→ **DATASET EXCERPT**:
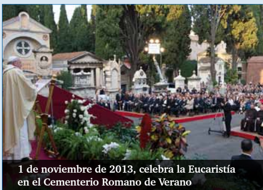
1 de noviembre de 2013, celebra la Eucaristía en el Cementerio Romano de Verano
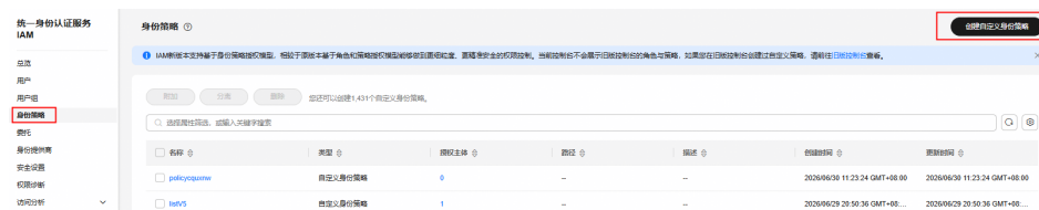
图 6-2 创建自定义身份策略
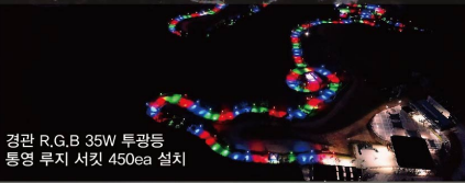
경관 R,G,B 35W 투광등 통영 루지 서킷 450ea 설치
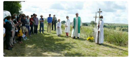
Recueillement de la procession devant la croix de chemin.

→ **ACTION ITEM**: Reproduce the whole listing verbatim and keep all pictures out of it.

→ **RESULT OF THE EXERCISE**:
1 de noviembre de 2013, celebra la Eucaristía en el Cementerio Romano de Verano
图 6-2 创建自定义身份策略
경관 R,G,B 35W 투광등 통영 루지 서킷 450ea 설치
Recueillement de la procession devant la croix de chemin.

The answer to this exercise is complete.